Six resident species comprised > 43% of total bird abundance, and all of these are associated with more open, drier habitats (MacKinnon et al., 2000; Grimmett et al., 2008). For example, house sparrows tend to occur in localized populations aggregated around farmyards, with an ecological niche often characterized by an interaction with anthropogenic development and more urbanised environments (Gragnaniello et al., 2001). Bank myna is commonly associated with drier habitat in modified landscapes, while house crow is associated with anthropogenically-modified habitats throughout its range (MacKinnon et al., 2000).
Overall species richness (alpha diversity) and associated diversity metrics were not greatly different across the three agricultural systems, yet agroforestry consistently had the highest bird community measures, and as reported in other agricultural landscapes (Huang et al., 2002; Steffan-Dewenter et al., 2007; Sistla et al., 2016). All 39 species recorded in our study were found in agroforestry, compared to the cropland systems, and the majority of these were more abundant in agroforestry too. In addition, the only species we recorded as unique to one habitat, black-winged kite, was in agroforestry, which may reflect the greater tree cover and structural complexity of this particular landscape. Two species (rosy and common starlings) were absent from urban croplands, and three absent from rural croplands (western koel, pied bushchat, white-tailed lapwing), representing a 5.1% and 7.7% loss of total species richness, respectively. Rural croplands appeared to benefit one species, cattle egret, which was the only species most abundant in this system, reflecting its associated with livestock in dry grasslands (Grimmett et al., 2008).
Bird community composition (presence and relative abundance) was affected by agricultural system. We found that season strongly affected assemblage composition in the three different landscapes. This effect appeared to be stronger in the winter than summer, when species richness and diversity were higher, and indicative of more winter visitors (14 species) utilizing these landscapes than summer visitors (three species). Many of these winter visitors undertake seasonal altitudinal migrations in search of food and favourable climatic conditions (Grimmett et al., 2008, 2016), and these agricultural landscapes may provide alternative food sources, especially for insectivores, which were the most numerous winter visitors, and granivores (Muñoz-Sáez et al., 2017).
Such gradients in landscape modification influence guild representation through resource availability (Fernández-Juricic, 2004; Devictor et al., 2007; Clavel et al., 2011; Pauw and Louw, 2012). We found that carnivorous, frugivorous, and herbivorous bird species had lower diversity and abundances in the more intensively managed agricultural areas, while omnivore, insectivores, and granivores had higher diversity and abundances in these systems. Similar guild-agroecosystem trends are reported elsewhere (Fernández-Juricic, 2004; Devictor et al., 2007; Clavel et al., 2011) and attributed to food availability.

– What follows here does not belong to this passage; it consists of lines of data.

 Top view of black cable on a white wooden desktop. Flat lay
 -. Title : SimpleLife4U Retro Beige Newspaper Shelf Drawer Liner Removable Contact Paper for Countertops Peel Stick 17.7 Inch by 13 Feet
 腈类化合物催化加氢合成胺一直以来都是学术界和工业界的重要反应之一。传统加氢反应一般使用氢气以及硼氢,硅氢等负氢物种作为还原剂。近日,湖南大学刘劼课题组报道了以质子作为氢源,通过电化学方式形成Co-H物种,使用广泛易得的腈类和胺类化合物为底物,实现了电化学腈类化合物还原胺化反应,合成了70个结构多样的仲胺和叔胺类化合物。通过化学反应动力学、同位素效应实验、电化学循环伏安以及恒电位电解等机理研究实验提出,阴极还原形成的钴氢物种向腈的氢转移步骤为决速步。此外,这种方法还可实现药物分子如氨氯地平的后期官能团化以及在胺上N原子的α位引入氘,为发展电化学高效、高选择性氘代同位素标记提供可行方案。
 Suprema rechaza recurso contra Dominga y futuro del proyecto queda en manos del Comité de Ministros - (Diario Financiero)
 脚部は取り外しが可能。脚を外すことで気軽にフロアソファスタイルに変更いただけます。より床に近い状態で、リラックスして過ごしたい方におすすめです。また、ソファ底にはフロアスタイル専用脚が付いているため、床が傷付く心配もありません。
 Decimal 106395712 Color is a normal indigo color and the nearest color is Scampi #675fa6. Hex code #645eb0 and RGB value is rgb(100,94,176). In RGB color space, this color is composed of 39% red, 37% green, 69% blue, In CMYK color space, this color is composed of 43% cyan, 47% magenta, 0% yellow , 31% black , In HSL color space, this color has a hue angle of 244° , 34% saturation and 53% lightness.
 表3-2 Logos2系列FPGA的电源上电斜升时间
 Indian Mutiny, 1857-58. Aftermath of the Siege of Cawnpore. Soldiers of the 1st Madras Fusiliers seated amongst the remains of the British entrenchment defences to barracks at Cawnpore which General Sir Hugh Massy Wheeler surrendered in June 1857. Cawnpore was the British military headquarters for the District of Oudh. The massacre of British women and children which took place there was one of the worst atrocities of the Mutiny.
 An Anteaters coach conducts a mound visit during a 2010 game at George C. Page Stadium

Our study is not robust to seasonal climatic fluctuations influencing the presence and relative abundance of visiting species, specifically. For example, Asian green bee-eater was the most frequently recorded irregular visitor, particularly in the summer months, and with higher abundance in 2017-18 than 2018-19. This inter-annual difference could have resulted from the below average precipitation recorded in Punjab in 2017 (Qiaser, 2017) driving greater numbers in agroecosystems that can support insectivorous species (Muñoz-Sáez et al., 2017).

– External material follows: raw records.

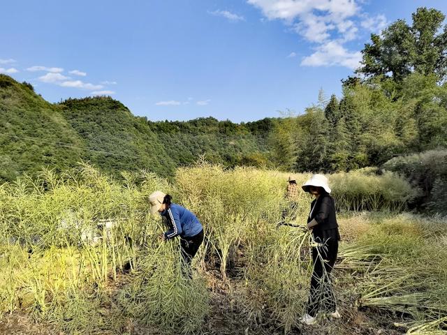 我和妻子约好,今天去帮兄弟家割菜籽。踏入南山,清风拂面,处处皆是金黄。沉甸甸的菜籽荚压弯了枝头,虽吹不起翻涌的菜浪,却在阳光下泛着柔和的银白光芒。蓝天白云下,虽说温度不算太高,可烈日高悬,才一个多小时,初夏的热浪便让人汗流浃背。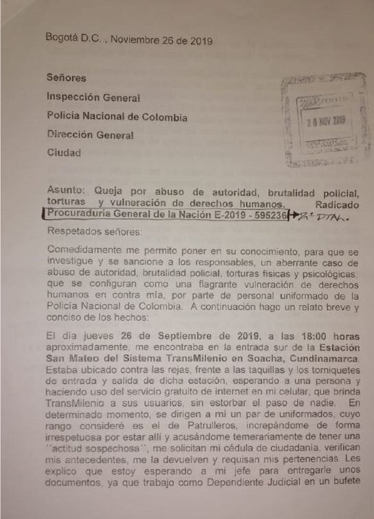 Los hechos ocurrieron el 26 de septiembre, hace casi un año y es precisamente el común denominador en las denuncias de abuso policial en el país: las investigaciones no avanzan o se embolatan. Este es el radicado ante la Procuraduría General.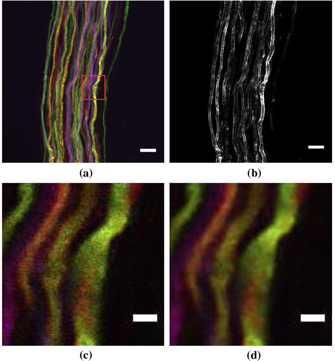 (a) Imágenes de Brainbow que muestran un haz de axones de neuronas motoras. (b) Mapa de bordes estimado de la pila de imágenes. (c) Vista ampliada de un solo corte de la región representada por un recuadro rojo en (a). (d) Misma región después de la eliminación de ruido bilateral 3D. Imagen obtenida de Bas et al. (2012)

While agroforestry retained more forest-like structure than the cropland systems, agricultural system did not necessarily affect all those species more associated with open forest habitats, e.g. red-vented bulbul and purple sunbird (Snow and Perrins, 1998). The retention of scrub and edge habitats appears to support similar numbers of purple sunbird regardless of underlying agricultural system, perhaps providing sufficient nectar resources for this nomadic species (Grimmett et al., 2008), and while red-vented bulbul were more abundant in agroforestry, this was not significantly different to the other systems.

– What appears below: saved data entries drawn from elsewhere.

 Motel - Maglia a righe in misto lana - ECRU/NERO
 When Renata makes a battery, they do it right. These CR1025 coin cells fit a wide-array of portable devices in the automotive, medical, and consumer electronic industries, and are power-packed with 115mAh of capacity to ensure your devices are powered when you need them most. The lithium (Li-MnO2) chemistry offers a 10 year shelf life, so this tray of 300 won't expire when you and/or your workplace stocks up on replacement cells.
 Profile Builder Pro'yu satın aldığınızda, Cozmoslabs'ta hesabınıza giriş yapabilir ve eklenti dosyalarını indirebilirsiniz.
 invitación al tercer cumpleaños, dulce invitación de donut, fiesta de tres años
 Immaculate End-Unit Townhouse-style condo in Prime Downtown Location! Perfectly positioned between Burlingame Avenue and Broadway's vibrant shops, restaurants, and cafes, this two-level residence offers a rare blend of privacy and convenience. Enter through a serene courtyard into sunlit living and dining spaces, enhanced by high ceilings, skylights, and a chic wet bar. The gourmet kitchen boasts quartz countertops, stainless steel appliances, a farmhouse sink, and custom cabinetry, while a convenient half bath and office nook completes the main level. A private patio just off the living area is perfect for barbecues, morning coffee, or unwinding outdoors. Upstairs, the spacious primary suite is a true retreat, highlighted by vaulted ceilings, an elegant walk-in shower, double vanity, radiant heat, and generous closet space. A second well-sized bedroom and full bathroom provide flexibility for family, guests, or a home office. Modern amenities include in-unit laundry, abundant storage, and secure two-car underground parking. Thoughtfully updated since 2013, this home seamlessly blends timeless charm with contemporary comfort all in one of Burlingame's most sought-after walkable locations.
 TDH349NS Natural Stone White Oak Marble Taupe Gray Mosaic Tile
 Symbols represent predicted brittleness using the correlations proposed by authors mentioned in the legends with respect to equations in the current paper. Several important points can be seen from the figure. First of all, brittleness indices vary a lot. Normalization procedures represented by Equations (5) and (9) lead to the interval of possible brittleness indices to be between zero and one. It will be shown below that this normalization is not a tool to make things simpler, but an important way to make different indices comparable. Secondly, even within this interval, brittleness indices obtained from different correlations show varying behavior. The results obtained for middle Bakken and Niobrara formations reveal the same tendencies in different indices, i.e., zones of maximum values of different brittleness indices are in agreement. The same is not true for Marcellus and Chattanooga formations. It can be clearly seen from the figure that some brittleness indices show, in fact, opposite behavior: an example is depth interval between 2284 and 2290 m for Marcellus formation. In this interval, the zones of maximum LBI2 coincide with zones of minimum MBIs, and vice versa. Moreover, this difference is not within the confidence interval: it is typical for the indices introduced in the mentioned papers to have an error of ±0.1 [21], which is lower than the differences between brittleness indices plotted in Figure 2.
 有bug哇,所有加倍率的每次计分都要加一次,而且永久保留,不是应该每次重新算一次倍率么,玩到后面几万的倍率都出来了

While it is not known what species richness and abundances undisturbed habitat in this landscape may support, we quantify agroforestry as
the least impactful agricultural system on bird communities in the study area, while acknowledging that this agroecosystem usually supports lower numbers of species than natural forests (Noble and Dirzo, 1997; Bhagwat et al., 2008). Agroforestry is the least disturbed of the agricultural systems and subtly, yet significantly, better supports bird communities of agroecosystems compared to the more open, agricultural croplands of Gujrat.
ACKNOWLEDGEMENT
We are greatful to MPhil Scholars of the Department of Zoology, University of Gujrat for their help in collecting field data.
Statement of conflict of interest
The authors have declared no conflict of interest.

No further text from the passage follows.